Program to find number of starting point from where we can start travelling in Python

Suppose there are n cities numbered from 0 to n-1 and there are n directed roads. We can travel from city i to city (i + 1) % n [0 to 1 to 2 to .... to N - 1 to 0]. We have a car with a fuel tank capacity of cap units. There are fuel[i] units of fuel available at city i and the car takes cost[i] units of fuel to travel from city i to (i + 1) % n. We need to find how many cities we can start from to travel around all cities and return to the starting point.

Problem Example

If the input is cap = 3, fuel = [3,1,2], costs = [2,2,2], then the output will be 2 because there are two possible starting points ?

• Starting from city 0: Fill tank with 3 units, use 2 units to reach city 1. Tank has 1 unit left. Add 1 unit at city 1 (total 2 units), use 2 units to reach city 2. Tank is empty. Add 2 units at city 2, use 2 units to return to city 0.
• Starting from city 2: Fill tank with 2 units, travel to city 0. Add 3 units at city 0 (total 3 units), use 2 units to reach city 1. Tank has 1 unit left.
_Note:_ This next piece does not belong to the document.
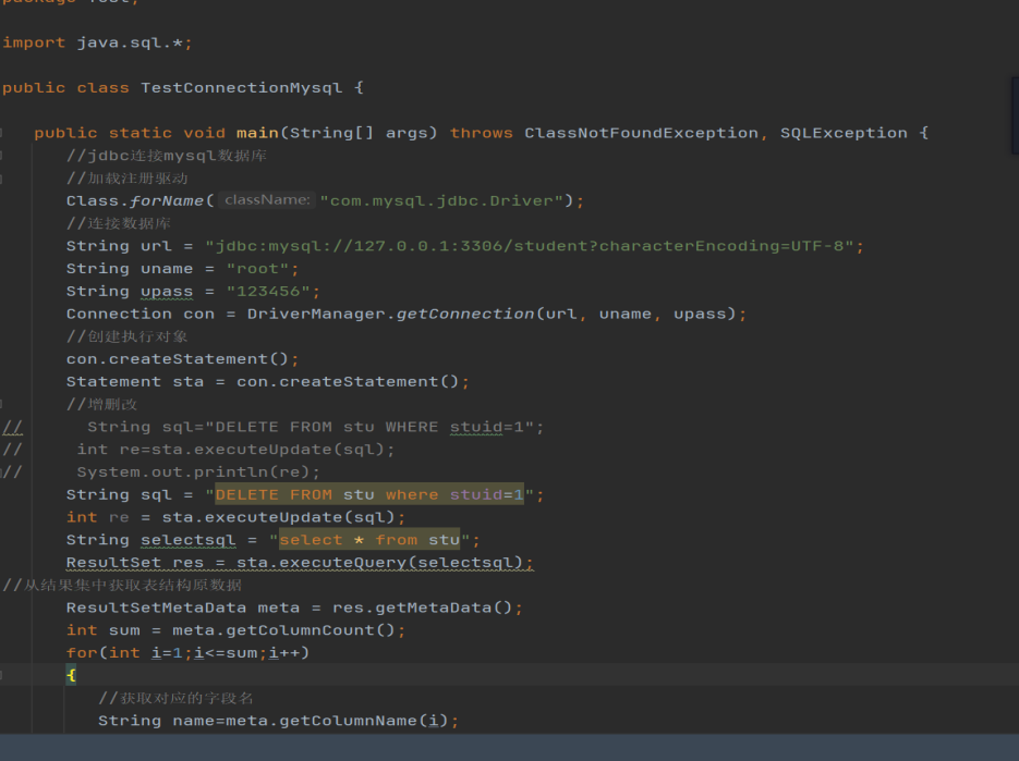 1.注册驱动:(反射)2.创建连接3创建数据库对象4获取结果集合(迭代)

Add 1 unit at city 1 (total 2 units), use 2 units to return to city 2.

However, we cannot start from city 1 because there is only 1 unit of fuel available, but traveling to city 2 requires 2 units.

Algorithm Steps

To solve this problem, we follow these steps ?

• n := size of fuel array
• req := array of size n initialized with 0
• For k in range 0 to 1, do:
  • For i from n-1 to 0 (reverse order), do:
    • nexti := (i + 1) mod n
    • req[i] := max(0, req[nexti] + costs[i] - fuel[i])
    • If min(req[i] + fuel[i], cap) - costs[i] < req[nexti], then return 0
• Return count of zeros in req array

Implementation

def solve(cap, fuel, costs):
    n = len(fuel)
    req = [0] * n
    
    for k in range(2):
        for i in range(n-1, -1, -1):
            nexti = (i + 1) % n
            req[i] = max(0, req[nexti] + costs[i] - fuel[i])
            if min(req[i] + fuel[i], cap) - costs[i] < req[nexti]:
                return 0
    return sum(1 for r in req if r == 0)

cap = 3
fuel = [3, 1, 2]
costs = [2, 2, 2]
result = solve(cap, fuel, costs)
print(f"Number of valid starting points: {result}")
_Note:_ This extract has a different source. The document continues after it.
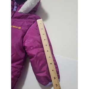 Keep your little one cozy this winter with this Pink Platinum one-piece snowsuit. Made from 100% polyester, this solid maroon/purple snowsuit features long sleeves, a full zip closure, and pockets. It is machine washable and water-resistant, making it perfect for outdoor activities.

Number of valid starting points: 2

How It Works

The algorithm calculates the minimum fuel required to start from each city. The req[i] array stores the minimum fuel needed at city i to complete the journey. We iterate twice to ensure all dependencies are resolved. If any city requires more fuel than the tank capacity allows, we return 0 (impossible). Otherwise, we count cities where the required fuel is 0 (valid starting points).

Conclusion

This algorithm efficiently determines valid starting points for a circular journey by calculating minimum fuel requirements. The two-pass approach ensures accurate computation of dependencies between cities.